Well, I don't agree that getting uniforms' (or attributes') location is cumbersome, especially because that should be done only once, during the initialization phase.
I'm using class-wrapper for each shaders. Uniforms and attributes locations are attributes of the instance, and they are set in the Init() function (at the same place where I load and compile shaders, and link the program). After that, I just call appropriate function (method) of the particular object to set values. It cannot be easier.
It can be a lot easier -- this is one of the long-standing design faults in GL, which has only recently been addressed with UBOs and explicit uniform locations.
On SM2 and early SM3 GPUs, uniform variables (
i.e. constants that can be modified by the host API) didn't actually exist in hardware; uniforms were implemented by using hard-coded literal values in the shader code, and having the host API
patch/recompile the shader code with new literal values when necessary.

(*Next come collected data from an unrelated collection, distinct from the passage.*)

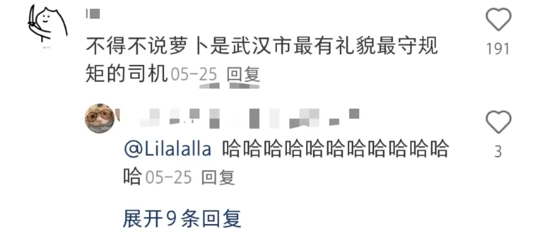 甚至有網友認為,蘿蔔快跑是全武漢最有禮貌,最守規則的司機。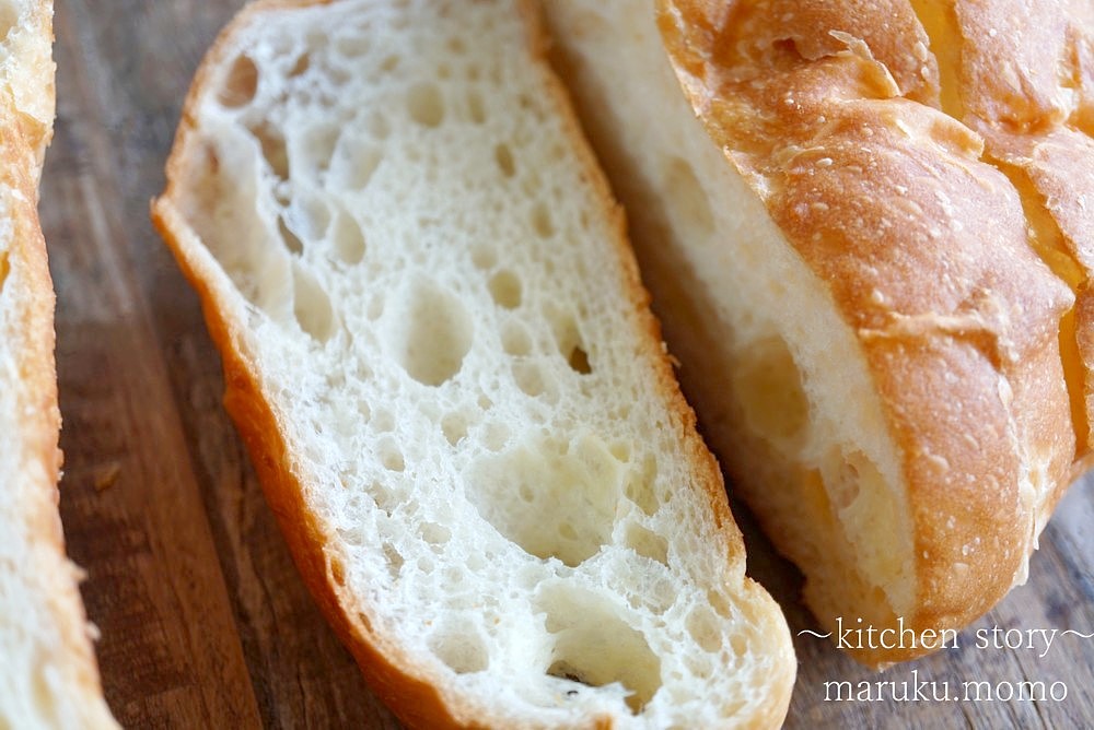 先日、近くのスーパーでお買い得品で見つけたバケットを買ってきて食べたら美味しく、最近のお気に入りパンです。普通のバケットもいいけどこちらは、バターが香るソフトバケット。期限が過ぎていても柔らかく味が濃厚だったんです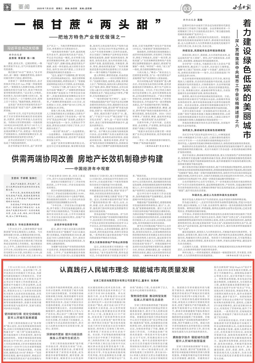 7月14日至15日,中央城市工作會議在北京舉行。這是時隔十年,黨中央再次召開的城市工作會議,為新時代新征程城市工作指明方向。甘肅工程咨詢集團(tuán)深入學(xué)習(xí)貫徹習(xí)近平總書記關(guān)于城市工作的重要論述,全面落實中央城市工作會議精神,認(rèn)真踐行人民城市理念,立足區(qū)域發(fā)展實際,將集團(tuán)公司七十余年技術(shù)積淀轉(zhuǎn)化為服務(wù)人民需求的實踐動能,在優(yōu)化城市空間格局、提升城市功能品質(zhì)、推動綠色低碳轉(zhuǎn)型、賦能智慧高效治理等領(lǐng)域精耕細(xì)作,助推全省城市建設(shè)向著高度與溫度并存、發(fā)展與惠民同步的方向邁進(jìn)。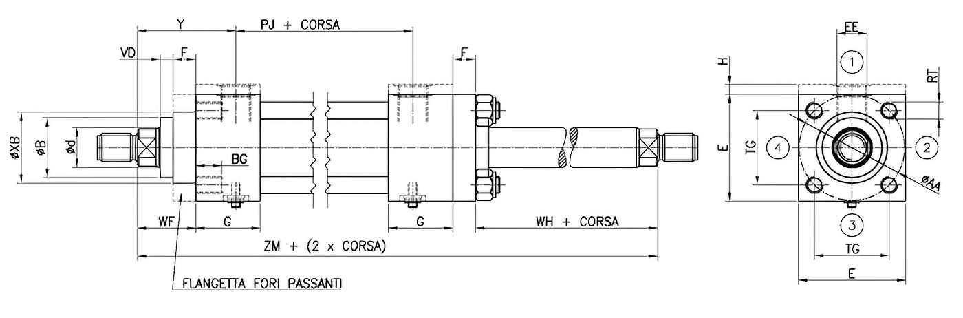 - Serie MD: cilindro oleodinamico a tiranti magnetico da Ø25 a Ø100;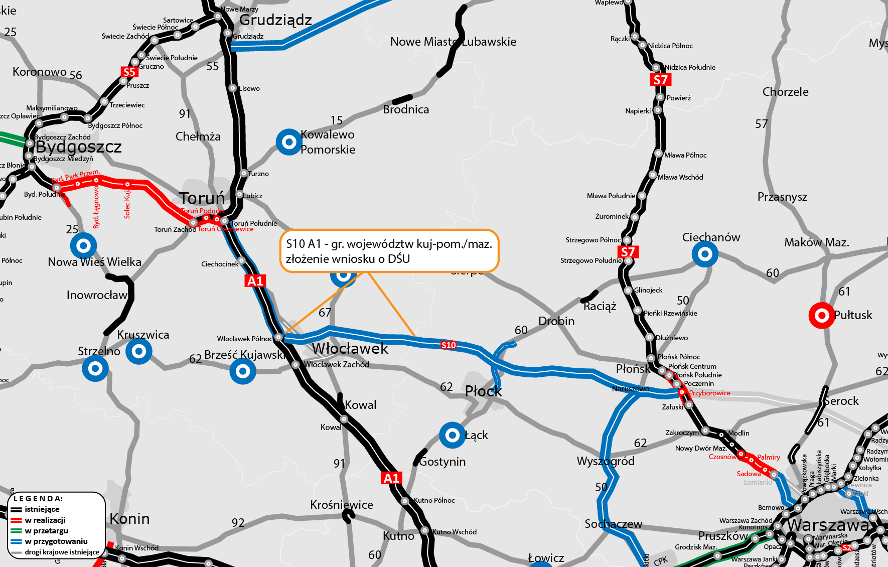 Do Regionalnej Dyrekcji Ochrony Środowiska (RDOŚ) w Bydgoszczy, zgodnie z harmonogramem, złożyliśmy wniosek o decyzję środowiskową dla odcinka drogi ekspresowej S10 od autostrady A1 do granicy woj. kujawsko-pomorskiego i mazowieckiego. Jej wydanie jest kluczowe dla powstania tej trasy.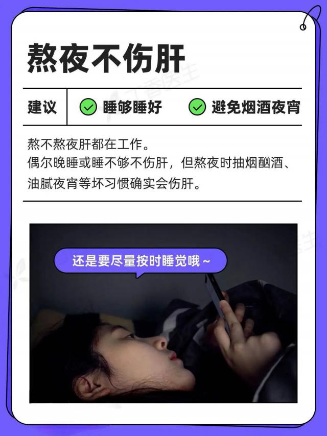 ? 單純的晚睡對(duì)肝臟沒有直接傷害,真正傷肝的是熬夜時(shí)吃的油膩夜宵、煙酒燒烤等行為,以及作息不規(guī)律、睡眠不足或睡眠質(zhì)量差。睡眠不足和質(zhì)量差對(duì)身體危害很大,比如會(huì)大幅增加患上認(rèn)知障礙的概率,所以建議大家保持規(guī)律作息,每天保證7到9小時(shí)的睡眠;
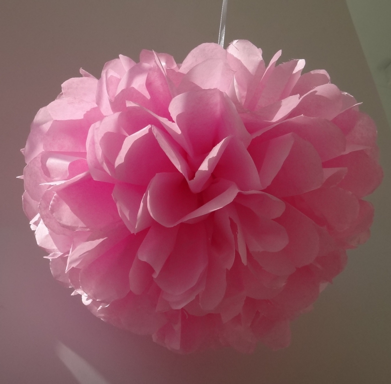 Розовый помпон 23 см . Приятно украсит Ваш праздник .

Given this hardware design, the "old" GL way of managing uniforms is a perfect fit -- each "instance" of a shader can have it's uinforms set to some values, and those values are a property of the "instance". Two instances can't share values, and whenever switching instances they each retain their own values that were set on them.

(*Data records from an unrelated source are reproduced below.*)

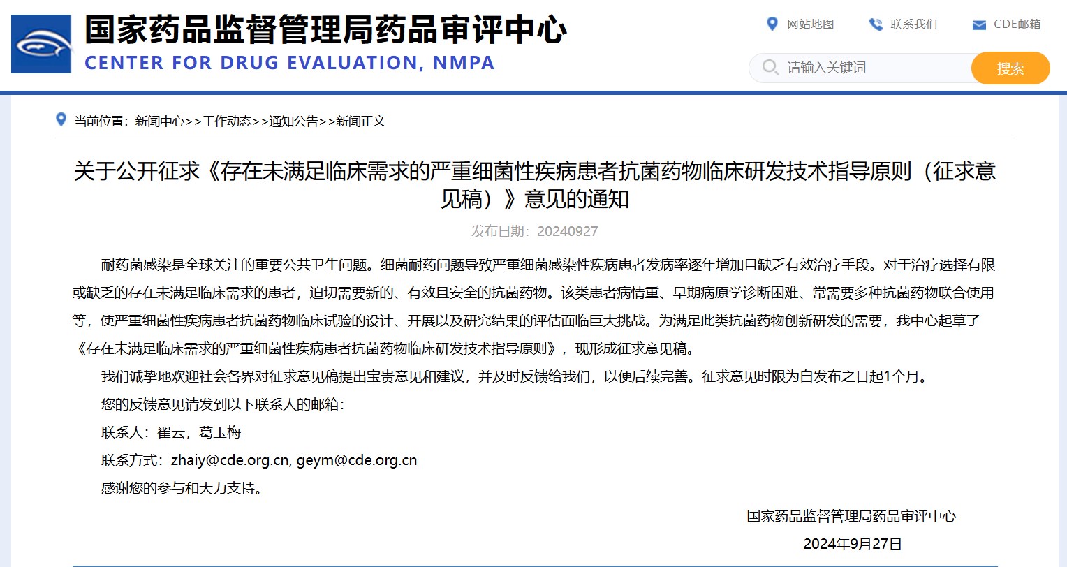 關(guān)于公開征求《存在未滿足臨床需求的嚴(yán)重細(xì)菌性疾病患者抗菌藥物臨床研發(fā)技術(shù)指導(dǎo)原則(征求意見稿)》意見的通知
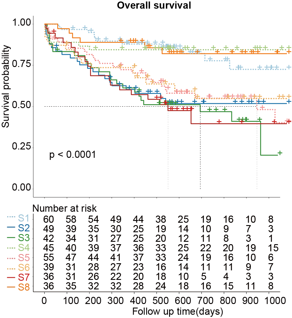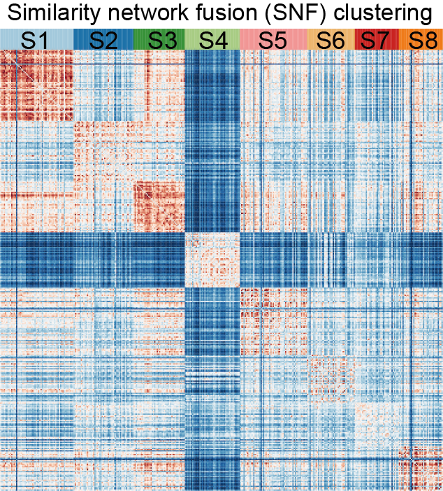 The discrimination of eight proteomic subtypes (S1-S8) based on similarity network clustering (SNF) method.
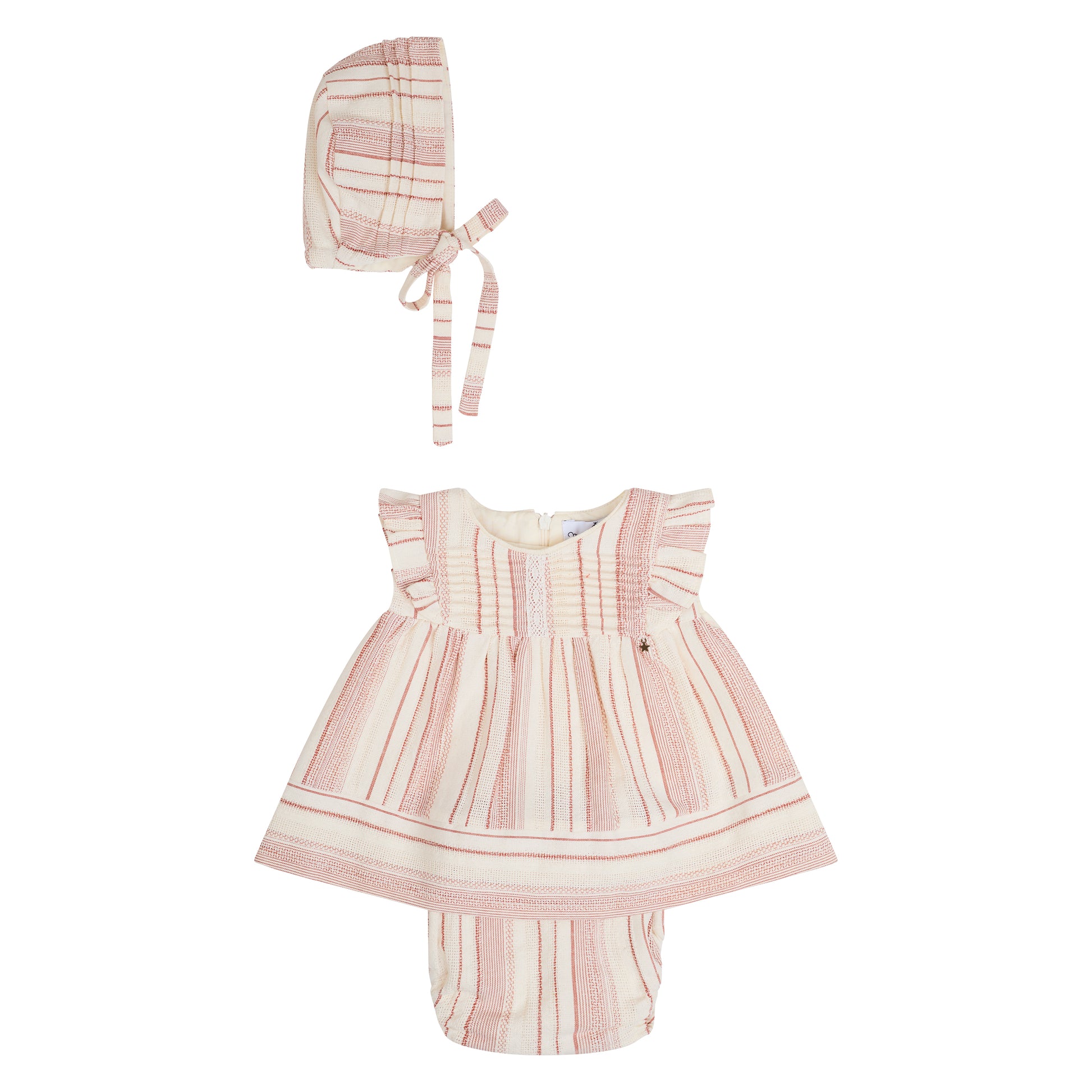 Capota con alforzas en estampado de rayas color hueso y chedrón

Late SM3 GPUs replaced this design by actually adding hardware support for uniform variables. Instead of hard-coded literals, uniforms are now offsets into a shared "uniform" register bank. Now when the API sets a shader program, it's uniforms will contain the values in the register bank, so the API must also issue many command packets instructing the GPU to first set those registers to the values that 'belong' to that program instance.

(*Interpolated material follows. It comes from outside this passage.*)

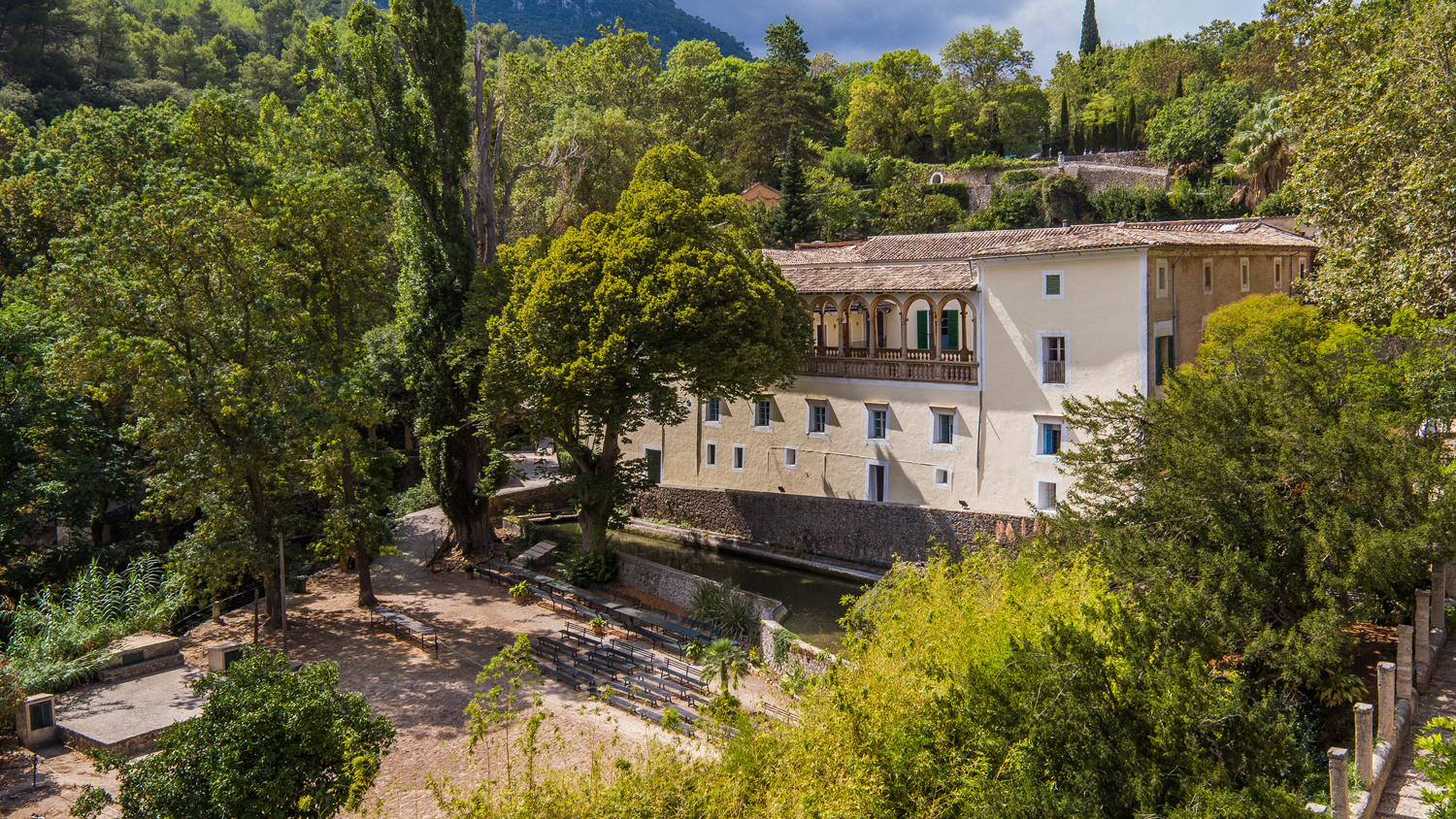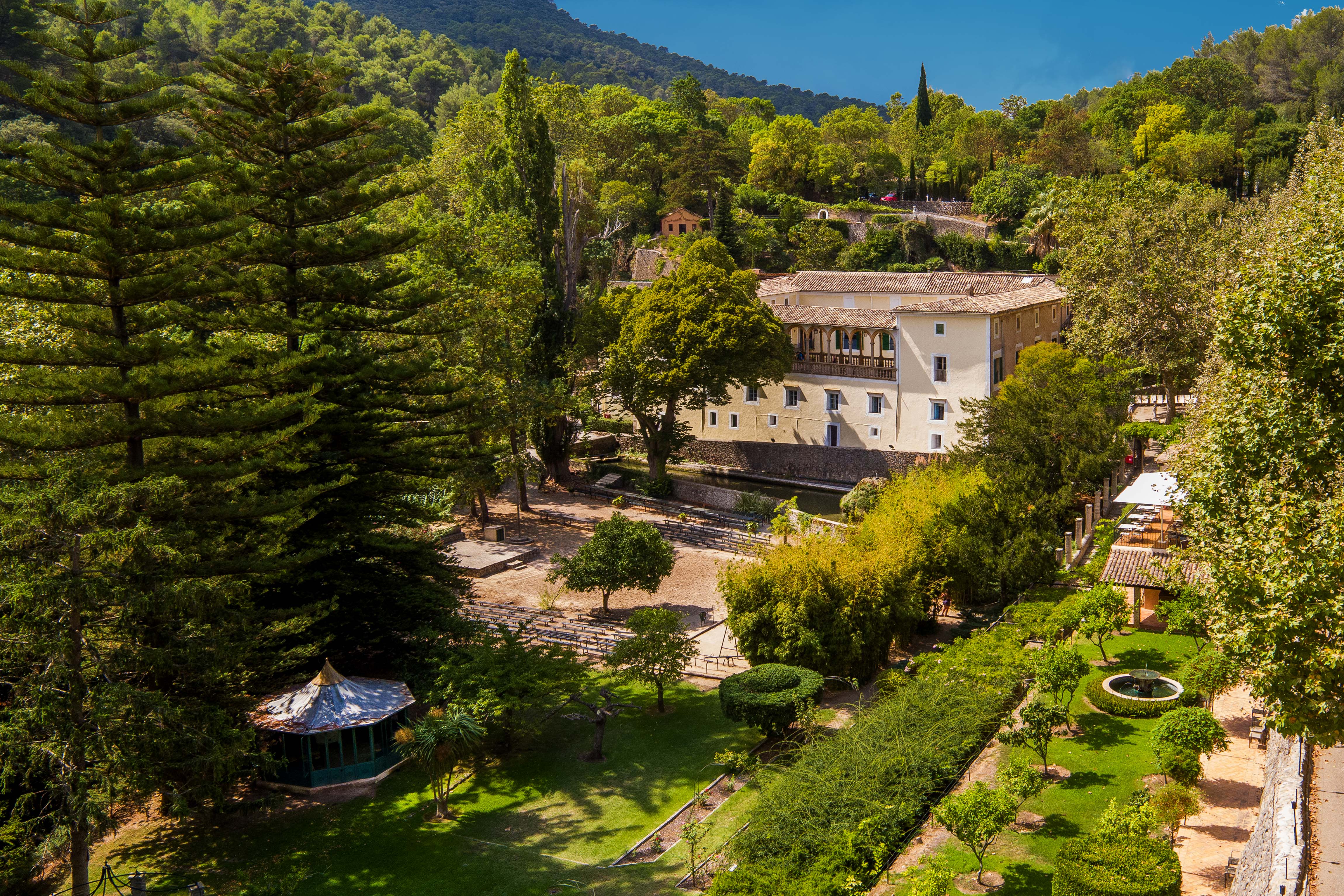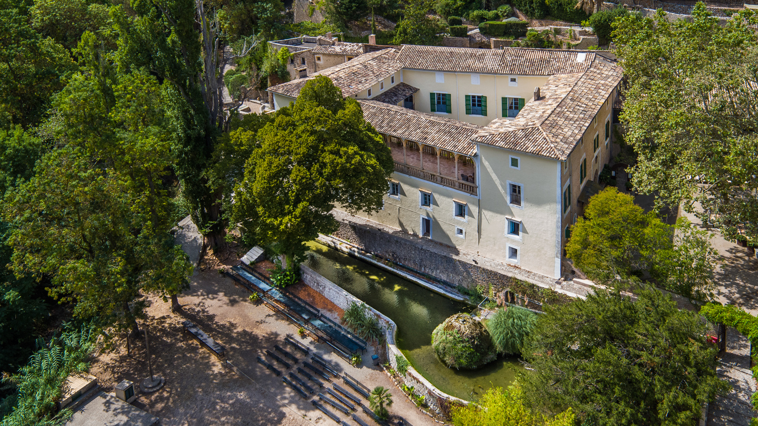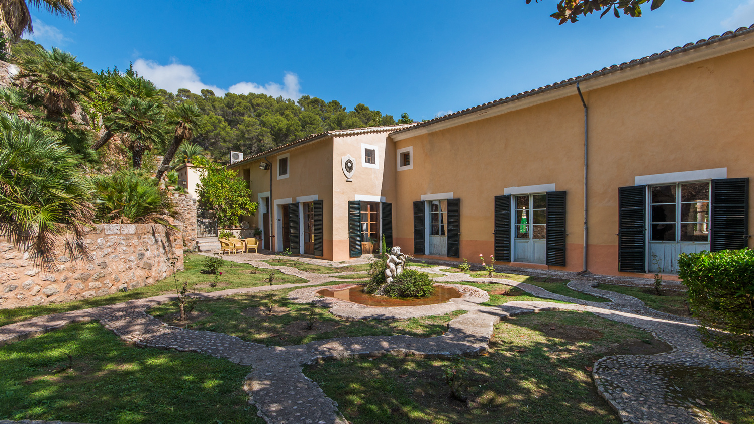 The exterior offers lush gardens with natural waterfalls and a stream running through the typical woodland of the Serra de Tramuntana Mountains.

Now the API no longer matches the hardware -- a more accurate API would instead expose the idea of there being a register bank in which values can be stored, and of shader programs that do not store uniform values as properties.
Under this hardware design, if two shader programs use the same uniform layout, and require the same values, then no work needs to be done when switching programs -- however, because GL's API is mismatched, the driver is forced to do a lot of useless work (
setting redundant values, or caching/checking all values to avoid this) and the user is also forced to do a lot of useless work (
any values to be shared between two different 'shader instances' have to be set on both instances).
Also, if the user is able to specify the register layout, then they can greatly reduce the number of API calls by setting arrays of contiguous registers instead of each uniform individually.
If the user is given the ability to explicitly state uniform locations, and the ability to write values to the shared uniform registers (
instead of writing values to shader instance) then a smart rendering engine can
greatly reduce the amount of time spent in the GPU API/driver.
However, SM4/SM5 GPUs also gave us the alternative of UBO's, which give you the same idea of having "shaders without values" and a "uniform register bank", except each UBO instance is it's own "register bank" that can be used by any shaders of your choosing -- so the UBO API is superior to both the "old" method, and GL4.3's "
Explicit uniform location" API (
which was the model used by D3D9), and I'd recommend you use UBO's, if targeting GL3.1 and up.
On a side note -- on all other APIs, I can write tools to pre-compile both my shader code and my UBO values, so that all the shaders and uniform values for a specific scene full of objects/materials can be saved in a file, and loaded straight into memory with no parsing/compiling/processing steps, which makes the runtime code about as easy as it gets.